THE STATE OF SOUTH CAROLINA
In The Court of Appeals

The State, Respondent,

v.

James P. Austin, Appellant.


Appeal From Sumter County
W. Jeffrey Young, Circuit Court Judge


Unpublished Opinion No. 2011-UP-475  
Submitted October 1, 2011 – Filed October 26, 2011


AFFIRMED


Appellate Defender Elizabeth A. Franklin-Best, of Columbia, for Appellant.

Attorney General Alan M. Wilson, Chief Deputy Attorney General John W. McIntosh, Assistant Deputy Attorney General Salley W. Elliott, and Assistant Attorney General Christina J. Catoe, all of Columbia; and Solicitor Ernest A. Finney, III, of Sumter, for Respondent.

PER CURIAM:  James P. Austin appeals his conviction for possession of cocaine.  He argues the circuit court erred in denying (1) his motion to suppress drug evidence because he was illegally seized and (2) his motion to continue the trial due to the unavailability of a material witness.  We affirm[1] pursuant to Rule 220(b)(1), SCACR, and the following authorities:

1.  As to whether the circuit court erred in denying Austin's motion to suppress the drug evidence: State v. Tindall, 388 S.C. 518, 521, 698 S.E.2d 203, 205 (2010) ("On appeals from a motion to suppress based on Fourth Amendment grounds, [an appellate court] applies a deferential standard of review and will reverse if there is clear error."); Terry v. Ohio, 392 U.S. 1, 19 n.16 (1968) ("Only when the officer, by means of physical force or show of authority, has in some way restrained the liberty of a citizen may [a court] conclude that a 'seizure' has occurred."); State v. Foster, 269 S.C. 373, 378, 237 S.E.2d 589, 591 (1977) (recognizing "that the police may briefly detain and question a person upon a reasonable suspicion, short of probable cause for arrest, that he is involved in criminal activity").

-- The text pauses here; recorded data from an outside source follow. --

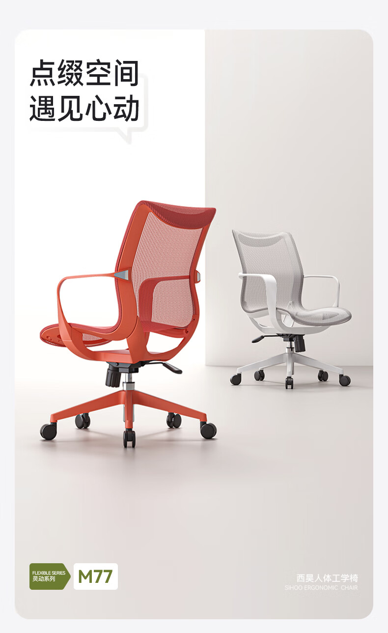 商品名称: 西昊M77椅子人体工学椅电脑椅办公椅久坐舒服学习电竞椅人工力学座椅
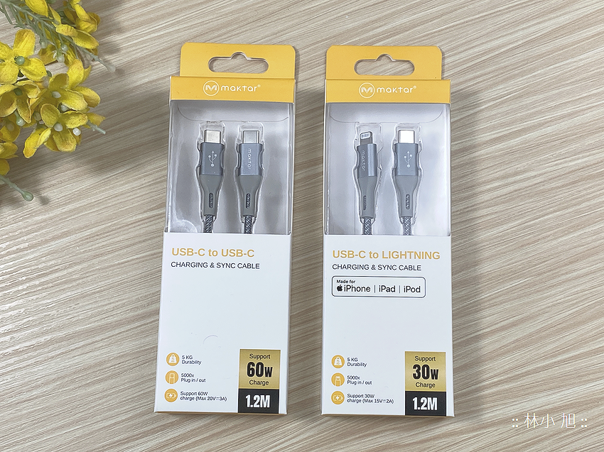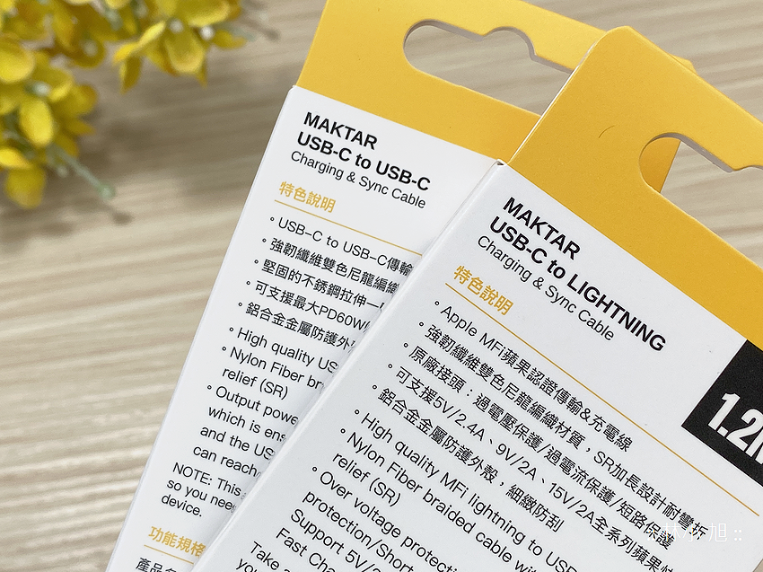 Maktar 旗下也有推出最高 60W 的 USB Type-C 快充傳輸線以及最高 30W 的 USB Type-C to Lightning 快充傳輸線來提供使用者選購,兩種快充傳輸線都使用尼龍纖維材質打造,不僅線身可在使用時更強韌耐用,也有不容易打結、脫線、糾結等優點,線頭部分更以 SR 加強穩固,可大幅降低線材與線頭之間的斷裂或剝落狀況發生!
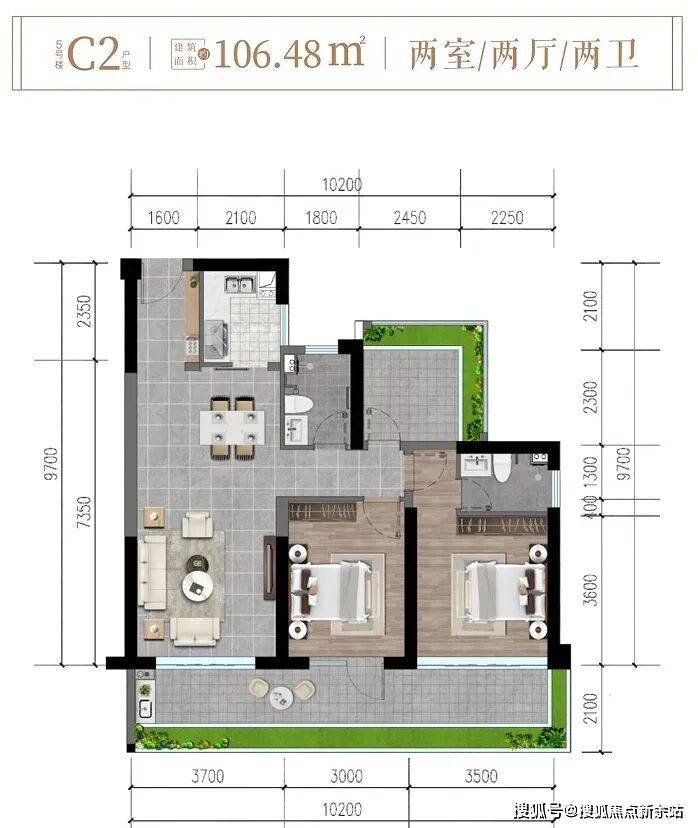 ✨5楼C2户型约106㎡两房两厅两卫

2.  As to whether the circuit court abused its discretion in denying Austin's motion for a continuance: State v. Colden, 372 S.C. 428, 435, 641 S.E.2d 912, 916 (Ct. App. 2007) ("The granting of a motion for a continuance is within the sound discretion of the [circuit] court and will not be disturbed absent a clear showing of an abuse of discretion."); id. at 438, 641 S.E.2d at 918 ("[A] party asking for a continuance must show . . . what the party believes the absent witness would testify to and the basis for that belief.").

AFFIRMED.

HUFF, PIEPER, and LOCKEMY, JJ., concur.


[1] We decide this case without oral argument pursuant to Rule 215, SCACR.